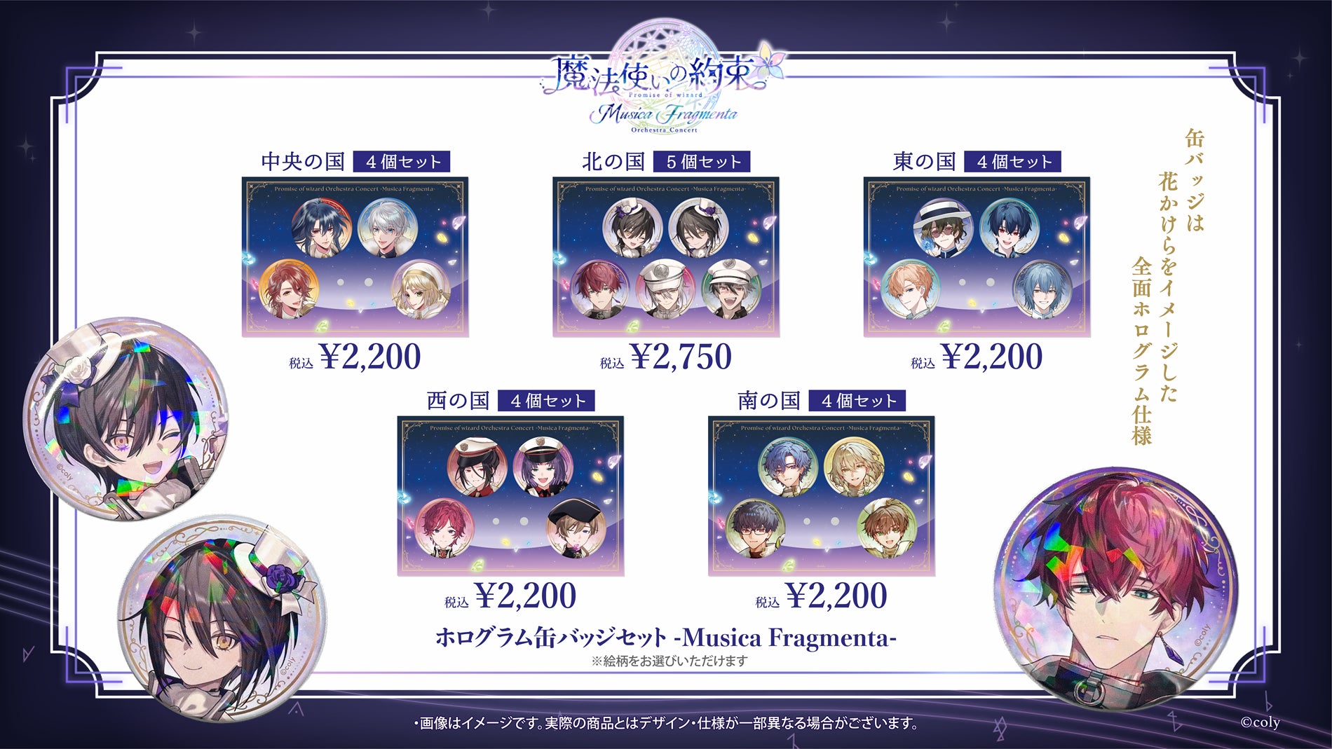 株式会社coly(東京都港区、代表取締役社長:中島杏奈)は、2025年12月27日(土)に市川市文化会館にて開催する「『魔法使いの約束』オーケストラコンサート- Musica Fragmenta -」について、公演グッズのデザインを公開いたしました。6名のイラストレーターによる描き起こしイラストを使用したアクリルスタンドやホログラム缶バッジセットなど、「まほやく」ファン必見のラインナップとなっております。
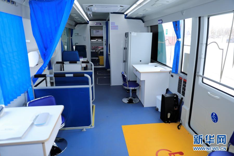 这是3月10日在哈萨克斯坦阿克莫州地方医院拍摄的移动医疗车内景。新华社发(奥斯潘诺夫摄)
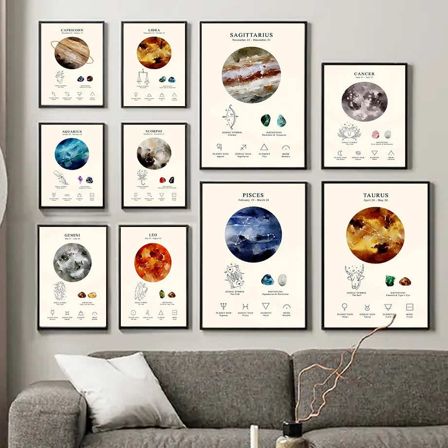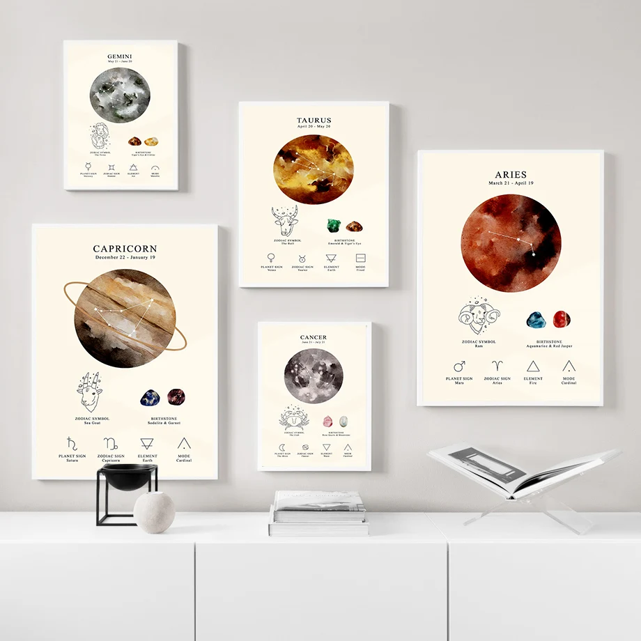 Картина на холсте, с созвездием камня рожденья, символом зодиака, плакатами и принтами для детской комнаты, домашний декор
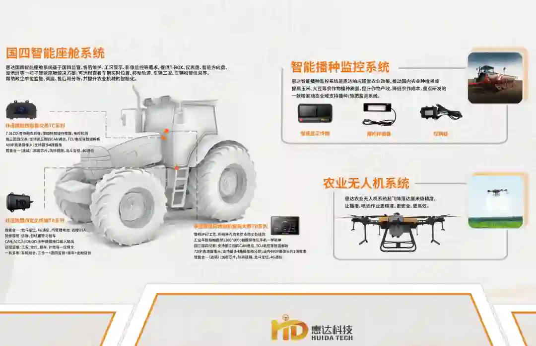 惠达科技的产品及解决方案矩阵包括:农机作业智能探测产品、农机自动驾驶产品、无人农机产品、农用无人机产品,在农业车联网领域,以软、硬件和大数据于一体的车联网综合解决方案。
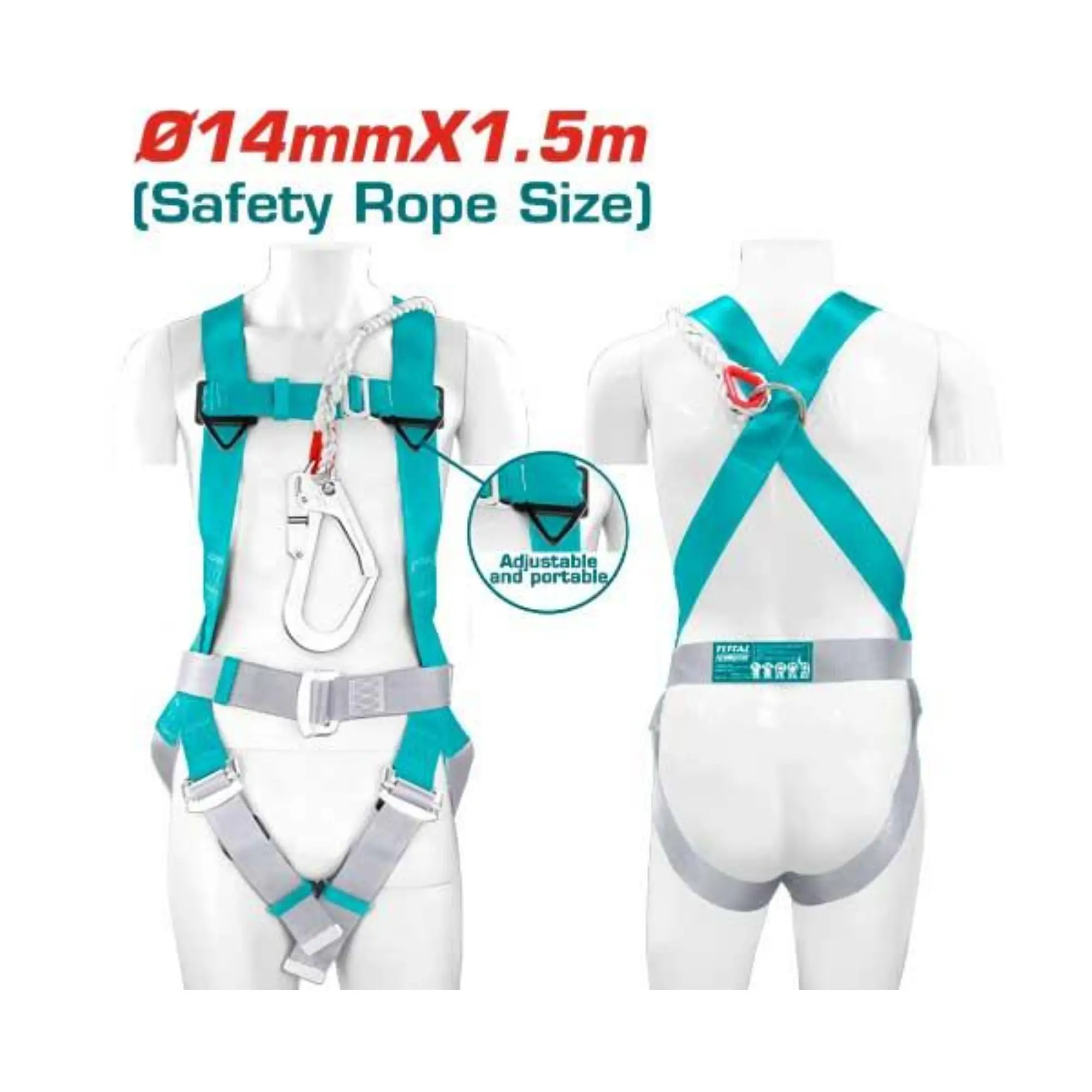 Arnés de Seguridad de 1 Punto de Fijación y 4 de Ajuste 14mm x 1.5m Total
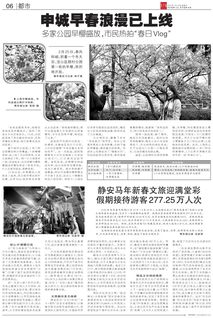 - 申城早春浪漫已上线 2月25日,春风料峭,积蓄一个冬天后,宝山区顾村公园第一批的早樱,热烈地开放。 青年报见习记者 林千惠 “本来是锻炼身体,却很惊喜地发现早樱盛开。”退休了的张女士向记者表示。10点,公园就
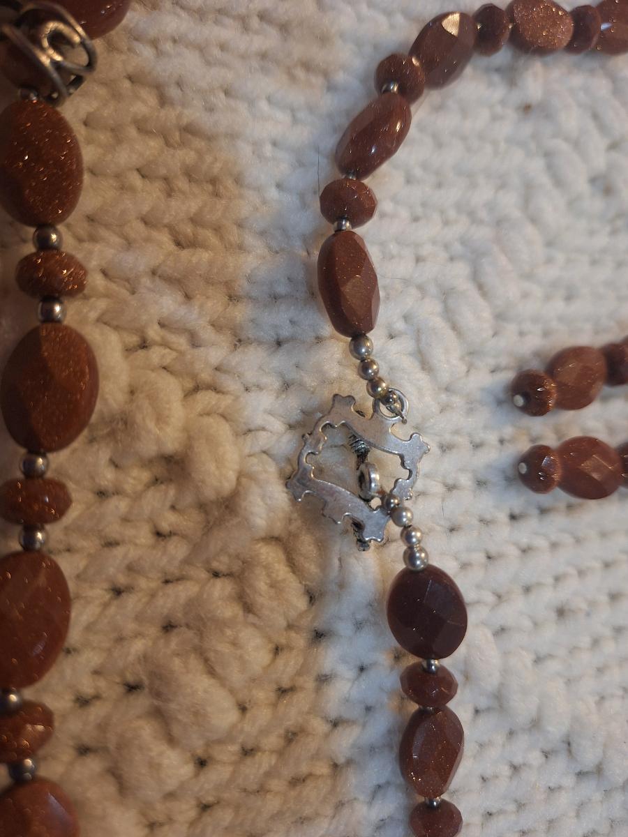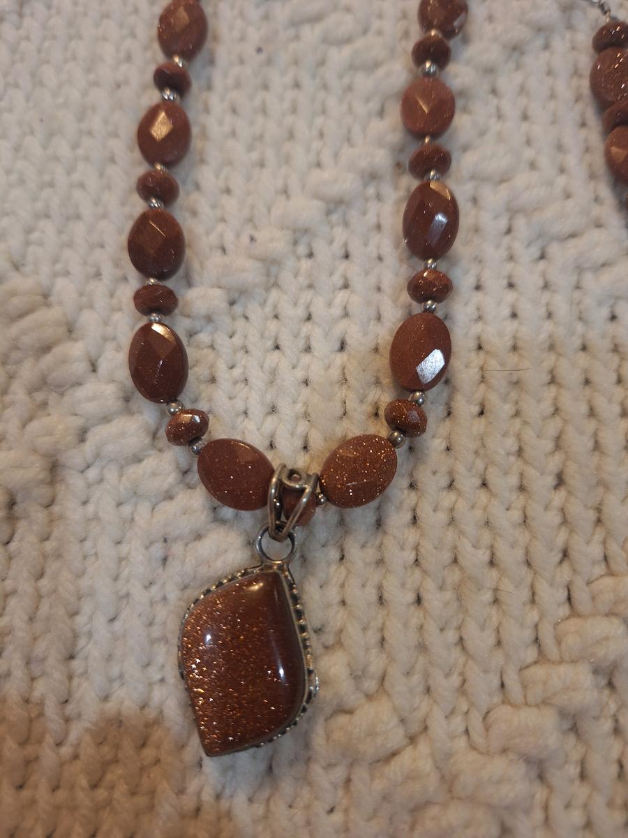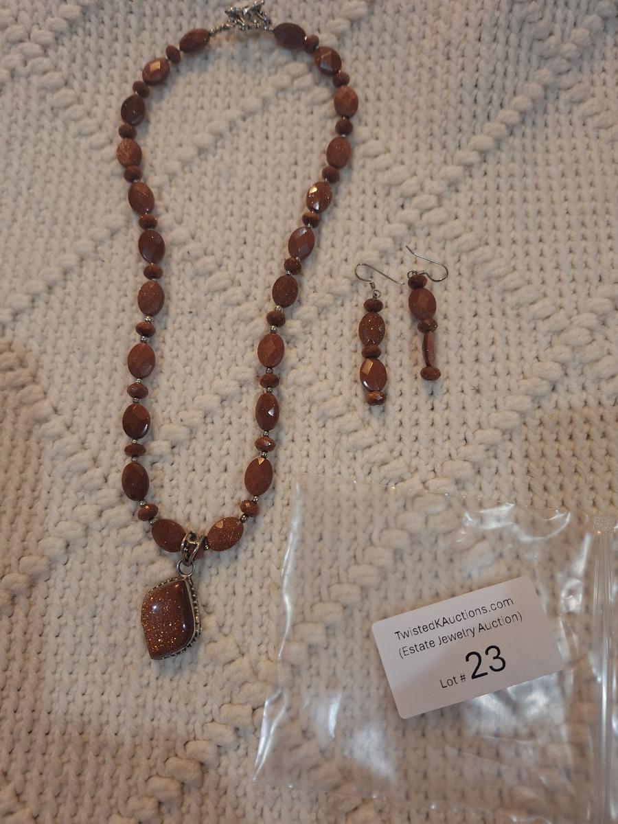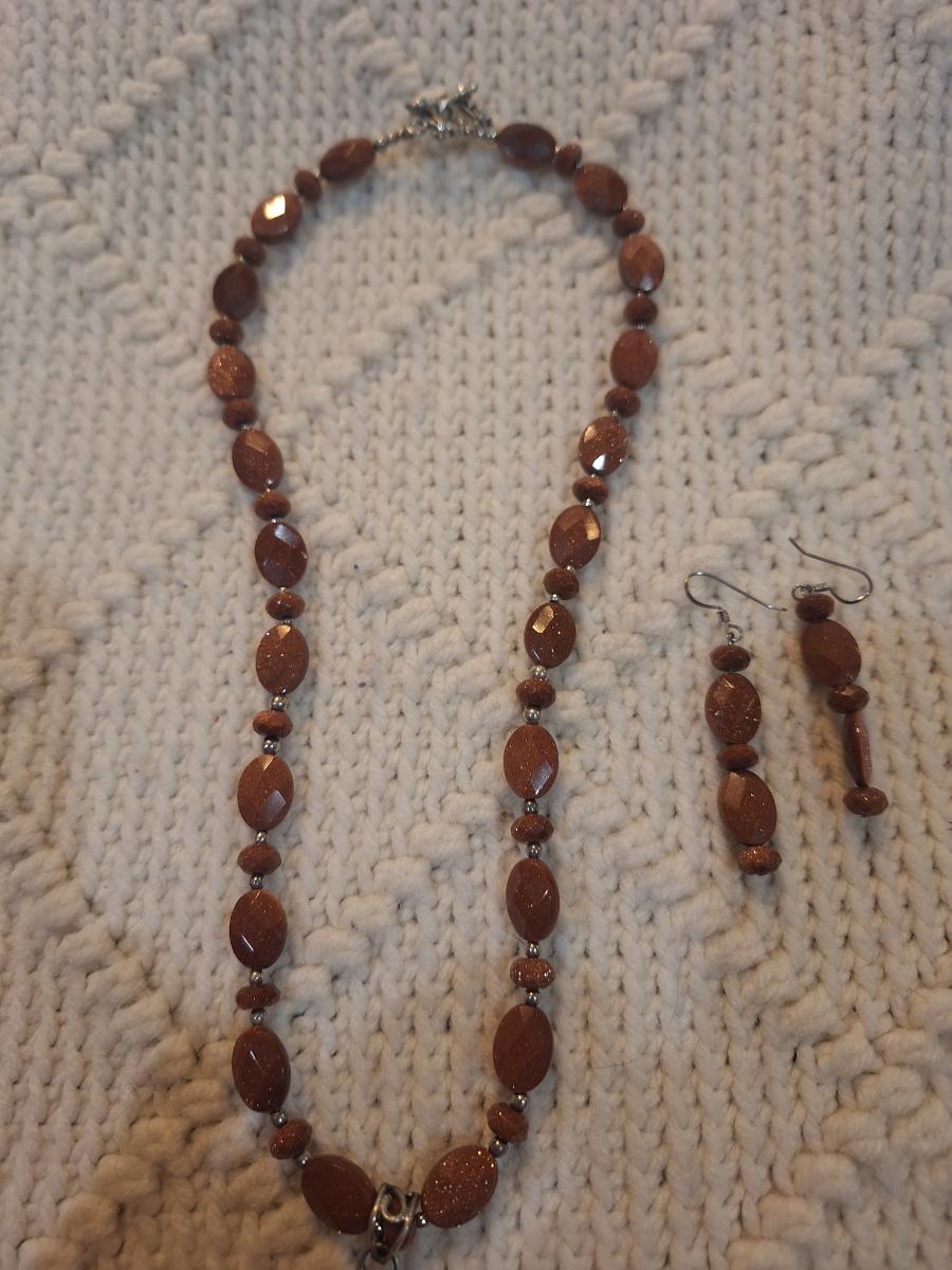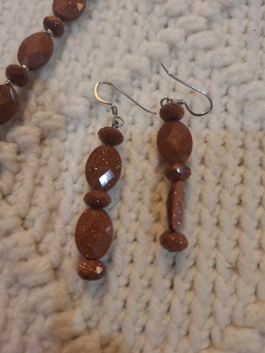 Brown beaded necklace with pendant and matching earrings

--*--

Exercise requirements: Starting at the line where "Картина на холсте, с" appears, restate every line through the end of the records above exactly, but omit the pictures.

Solved problem:
 Картина на холсте, с созвездием камня рожденья, символом зодиака, плакатами и принтами для детской комнаты, домашний декор
 惠达科技的产品及解决方案矩阵包括:农机作业智能探测产品、农机自动驾驶产品、无人农机产品、农用无人机产品,在农业车联网领域,以软、硬件和大数据于一体的车联网综合解决方案。
 Arnés de Seguridad de 1 Punto de Fijación y 4 de Ajuste 14mm x 1.5m Total
 - 申城早春浪漫已上线 2月25日,春风料峭,积蓄一个冬天后,宝山区顾村公园第一批的早樱,热烈地开放。 青年报见习记者 林千惠 “本来是锻炼身体,却很惊喜地发现早樱盛开。”退休了的张女士向记者表示。10点,公园就
 Brown beaded necklace with pendant and matching earrings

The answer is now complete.